We installed eight tour libraries into a Vite 6 + React 19 + TypeScript 5.7 strict-mode project and checked what actually works: autocomplete, generic step types, strict-mode compilation, and whether the types stay accurate across versions.
Bias disclosure: We built Tour Kit, so it appears in this comparison. Every claim is verifiable against npm, GitHub, and bundlephobia.

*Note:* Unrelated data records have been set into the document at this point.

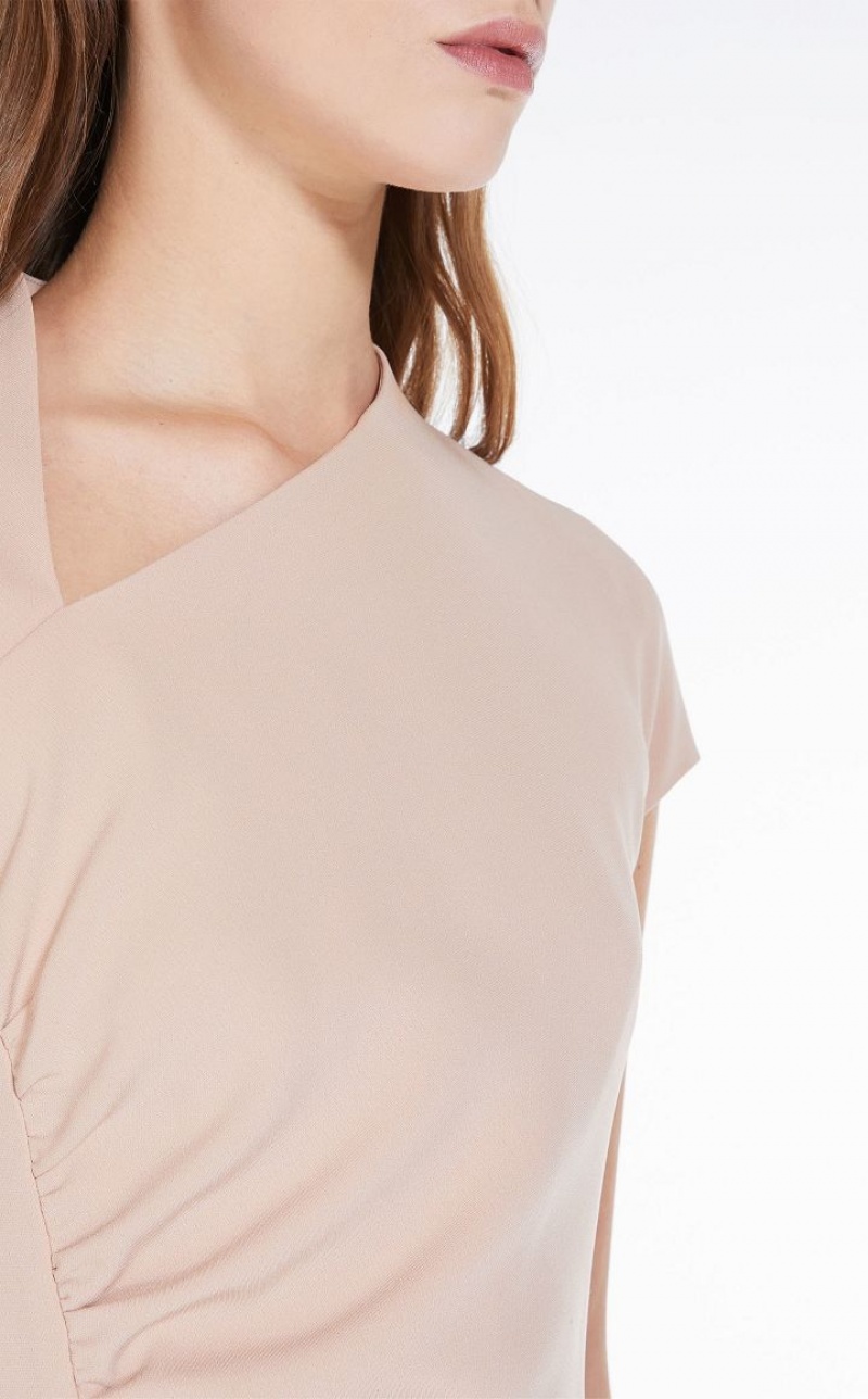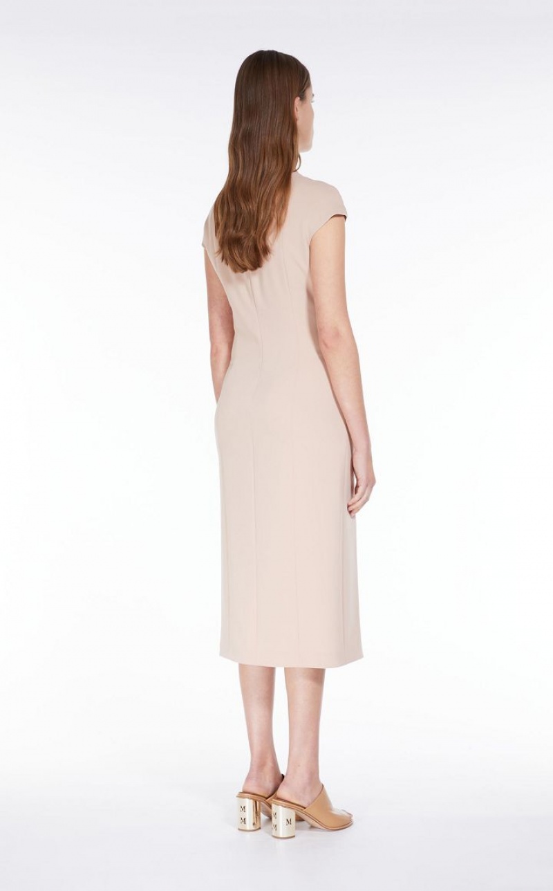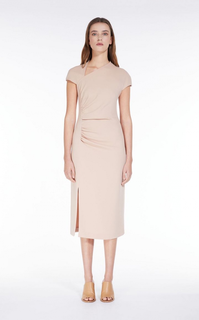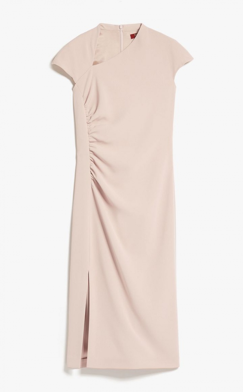 Elegant long sleeveless dress in cady fabric featuring a slim fit, refined gathered detail at the side, an asymmetrical geometric neckline and a small kimono sleeve. Lined model. Length: 118 cm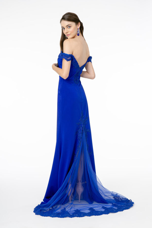 Embroidered Cut-Away Shoulder Jersey Long Dress w/ V-Back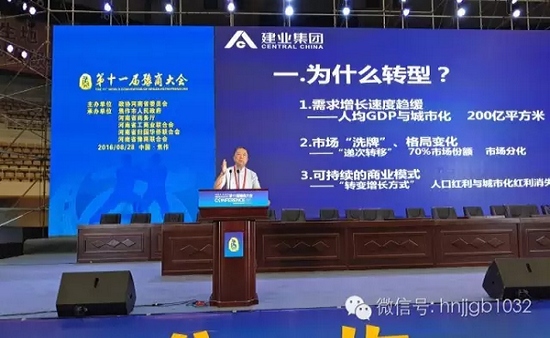 在主題論壇上,建業(yè)住宅集團(tuán)(中國(guó))有限公司董事局主席、嵩山資本創(chuàng)始人胡葆森以建業(yè)為例,談到河南房地產(chǎn)企業(yè)的轉(zhuǎn)型。他認(rèn)為,隨著人們需求增長(zhǎng)速度的放緩以及市場(chǎng)的不斷分化,房地產(chǎn)市場(chǎng)也在進(jìn)行著洗牌、競(jìng)爭(zhēng)格局發(fā)生變化。

npm install @tourkit/core @tourkit/reactShort answer
As of April 2026, six of the eight major product tour libraries ship with TypeScript support, but only three are written in TypeScript from the ground up with full strict-mode compatibility: Tour Kit, Driver.js, and Onborda. React Joyride is written in TypeScript but its Step type has regressed to any in recent versions. Shepherd.js retrofitted types but its React wrapper breaks under strict mode. Intro.js relies on community-maintained DefinitelyTyped declarations that lag behind releases.
TypeScript support compared
Eight product tour libraries tested in a Vite 6 + React 19 + TypeScript 5.7 strict-mode project reveal that "TypeScript support" ranges from full native types with generics down to abandoned DefinitelyTyped stubs that haven't been updated in months. This table shows the actual state of each library's type system.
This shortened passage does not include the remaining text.